Dua puluh empat tebasan melengkung ke arahku.
aku menghindari delapan belas dan membelokkan lima.
Satu menyerempet bahu aku.
Spaash! Darah memacu lagi. Rasa sakit yang tajam menembus aku ketika kaki aku terseret melintasi tanah, mendorong aku kembali.
Sebelum luka bisa memburuk, aku membungkusnya dengan sayap langit untuk menghentikan pendarahan dan bersiap untuk merespons …
– Boom!
Sebelum aku bisa menyerang, serangan pedang lain datang terbang ke arah aku. Itu adalah ayunan dua tangan yang kuat.
Itu tidak terlalu cepat, tetapi untuk beberapa alasan, aku tidak bisa menghindarinya.
aku buru -buru memblokirnya dengan lengan kiri aku.
Dampaknya mendorong aku kembali. Itu bukan kejutan besar, tetapi lengan kiriku gemetar. Jari -jariku berkedut tak terkendali.
Qi belum rusak. Tapi getaran aneh dari pukulan menyebar melalui lengan kiriku dan berdesir di seluruh tubuhku.
‘Ah, sial, ini …’
Kemampuan Ekspansi Seni Bela Diri Manjong
serangan resonansi
Ledakan! Getaran meledak. Resonansi meledak di dalam tubuh aku, menyebabkan aku terhuyung -huyung dengan keras. Busa darah pecah dari mulutku, dan semburan darah keluar.
– grrrk…!
Pada saat yang singkat itu, kemampuan ekspansi lain melanda.
‘Ini berbahaya…’
Pada saat itu, pedang di tangan putaran kedua hancur.
Ada jeda singkat dalam serangan itu. Selama waktu itu, putaran kedua membuang pedang yang rusak dan meraih udara.
Riak terbentuk di ruang. Subruang … Tidak, formulirnya berbeda.
‘Inventaris!’
Hak istimewa pemain yang tidak bisa aku gunakan! Mengapa bajingan itu bisa menggunakannya dengan bebas?

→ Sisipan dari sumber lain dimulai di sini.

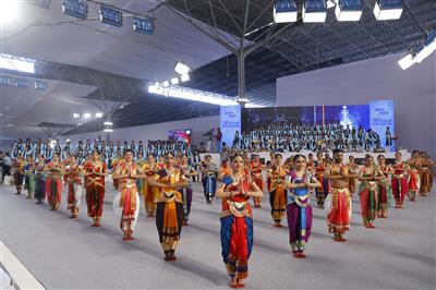 Prior to the Message to Mankind, Satguru Mata Sudiksha Ji Maharaj and Nirankari Rajpita Ji, arrived at the venue and were garlanded and presented bouquet by Rev. Raj Kumari Ji, President Sant Nirankari Mandal and other executive committee members. The Holy Couple was welcomed by members of the executive committee and others. On the path of procession, thousands of devotees greeted their loving Satguru Mataji and Nirankari Rajpita Ji. The attraction of the procession was a queue of devotees chanting hymns with devotion expressing their love and reverence. The dancing and classical singing troupe exemplified a beautiful presentation with play of various musical instruments from Nirankari Institute of Music & Arts (NIMA). The first day session of the Satsang on inaugural day commenced thereafter.

aku tidak bisa membiarkannya mengambil senjata. Mengalami rasa sakit, aku mengaktifkan kekuatan ruang. Riak tersebar dariku.
‘Dominasi ruang, kontrol, dan gangguan.’
Babak kedua dengan cepat menarik tangannya dari riak.
Retakan! aku sudah terlambat, dan subruang ditutup.
Jika aku lebih cepat, aku bisa memutuskan pergelangan tangannya. Menelan penyesalan aku, aku maju.
aku mengaktifkan teknik penguatan di tubuh aku, sekarang penuh dengan mana.
Ledakan! Kaki aku menggali ke tanah saat aku mendorong diri aku ke depan.
Mencengkeram tombak dengan erat, aku mengayunkannya. Pisau melacak bulan sabit saat terbang menuju babak kedua. Dia dengan tenang mengulurkan tangan ke arah tombak.
Kekuatan observasi membaca tanda -tanda. Kemampuan unik putaran kedua diperluas.
Kemampuan Ekspansi Seni Bela Diri Manjong
Cloud yang mengalir…
Kemampuan ekspansi lain. aku menganalisisnya. Itu bukan karena pelanggaran. Teknik defensif?
Aku mencengkeram poros tombak dengan erat.
Bagaimanapun, aku bisa berkembang juga.
aku punya datanya.
aku tidak mahir dalam hal itu, tetapi aku bisa meniru dengan cukup baik.
Sisanya dapat dikompensasi dengan akumulasi kemampuan dasar aku.
Untuk pertama kalinya, putaran kedua bereaksi.
Dia sedikit melebarkan matanya dan menjentikkan tangannya.
Jack of All Trade kemampuan ekspansi
Swordsmanship yang selalu berubah-Tekor Ular Mengatasi Dinding
Ujung tombak melacak jalan yang tidak biasa, menembus pertahanannya dan bertujuan untuk leher putaran kedua.